Attendance: Yang-Pin Shen and Yi-Chun Chiang were present. Yu-Tsun Li requested deputy. Opinions mentioned : None Results:All independent directors agreed and passed. Handling of the independent directors' opinions: All are submitted to the board of directors and are approved along with the consent of all attending directors. | None |
| 2024/07/29 | Term 4. The 16th meeting | Case 1: Approval on the consolidated financial statements for the second quarter of 2024. Case 2: Capital increase proposal for Techworld Electronics Singapore Pte. Ltd. (Qingpu Technology Singapore Co., Ltd.). Case 3: Approval on terminating the fund lending to Beixin International Co., Ltd. Case 4: Approval on fund lending to Subsidiary. Case 5: Set the standard date for capital increase through conversion of convertible bonds into common shares for Q2 2024.
Attendance: Yang-Pin Shen and Yi-Chun Chiang were present. Yu-Tsun Li requested deputy. Opinions mentioned : None Results:All independent directors agreed and passed. Handling of the independent directors' opinions: All are submitted to the board of directors and are approved along with the consent of all attending directors. | None |
| 2024/10/01 | Term 4. The 17th meeting | Case: Planned to obtain the standard plan on Superworld Holdings (S) Pte. Ltd's stock
Attendance: All were present( Yang-Pin Shen, Yu-Tsun Li, Yi-Chun Chiang ) Opinions mentioned : None Results:All independent directors agreed and passed. Handling of the independent directors' opinions: All are submitted to the board of directors and are approved along with the consent of all attending directors. | None |
| 2024/11/06 | Term 4. The 18th meeting | Case 1: Approval of the consolidated financial statements for the Second Quarter of 2024. Case 3: Presentation for the audit plans in 2025. Case 4: Revisions on the company's "Internal Control System" – Implementation rules for internal audits and other management regulations.
Attendance: All were present( Yang-Pin Shen, Yu-Tsun Li, Yi-Chun Chiang ) Opinions mentioned : None Results:All independent directors agreed and passed.

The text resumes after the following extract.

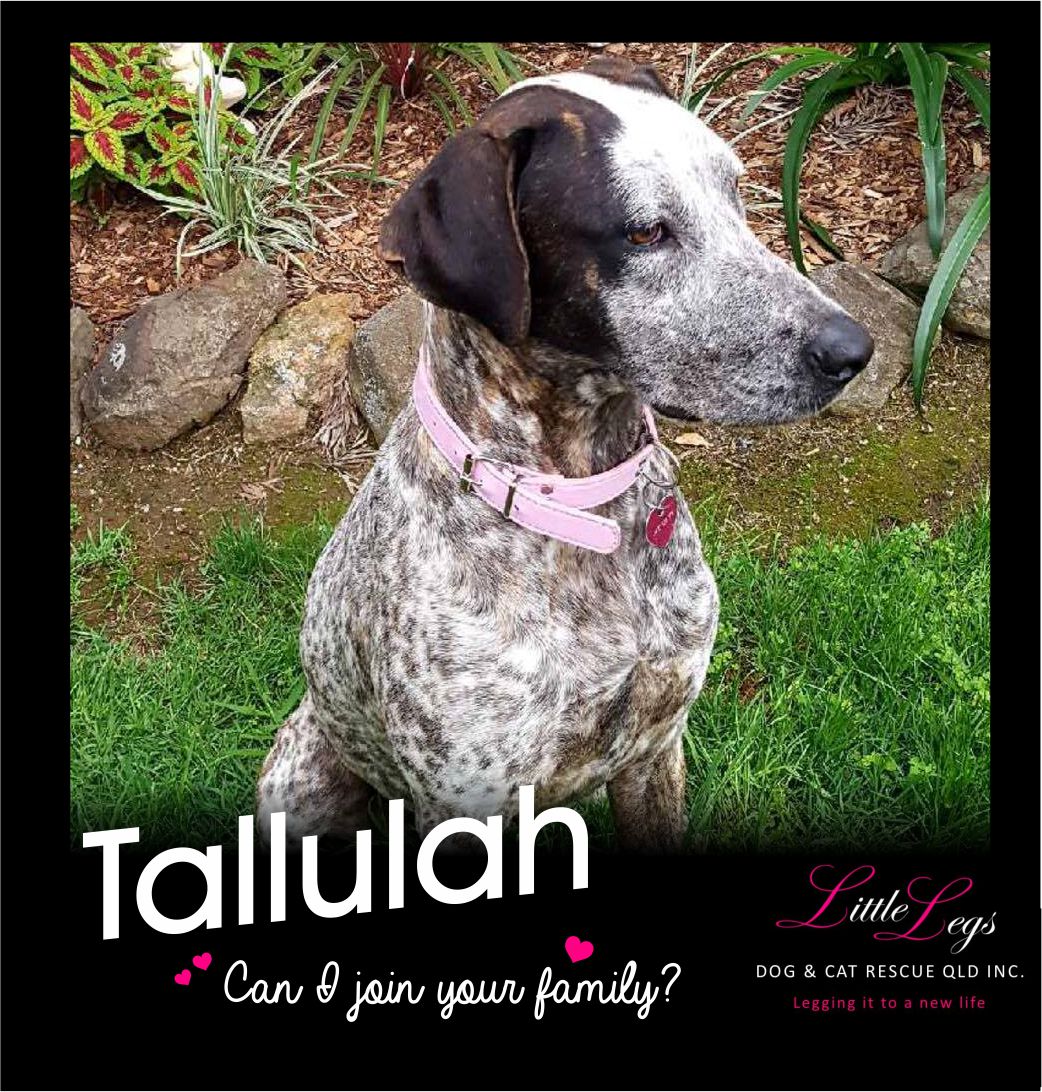 After arriving in foster care four weeks ago Tallulah or Lulah as she is affectionately known, has achieved so much for such a young dog that didnt have a great start in life. She already responds well to her name, knows to sit, comes on cue and waits so patiently for her food. She is now gaining the weight she needs.

Handling of the independent directors' opinions: All are submitted to the board of directors and are approved along with the consent of all attending directors. | None |
The authorities for the auditors include the following:
1. Adoption or amendment of an internal control system pursuant to Article 14-1.
2. Assessment of the effectiveness of the internal control system.
3. Adoption or amendment, pursuant to Article 36-1, of handling procedures for financial or operational actions of material significance, such as acquisition or disposal of assets, derivatives trading, monetary loans to others, or endorsements or guarantees for others.
4. A matter relating to the personal interest of a director.
5. A material asset or derivatives trade.
6. A material monetary loan, endorsement, or provision of guarantee.
7. The offering, issuance, or private placement of any equity-type securities.
8. The engagement, discharge, or compensation of an attesting CPA.
9. The appointment or discharge of a financial, accounting, or internal auditing officer.
10. Annual financial reports and second quarter financial reports that must be audited and attested by a CPA, which are signed or sealed by the chairman, the managerial officer, and the accounting officer.
11. Any other important matters required by the company or the Competent Authority.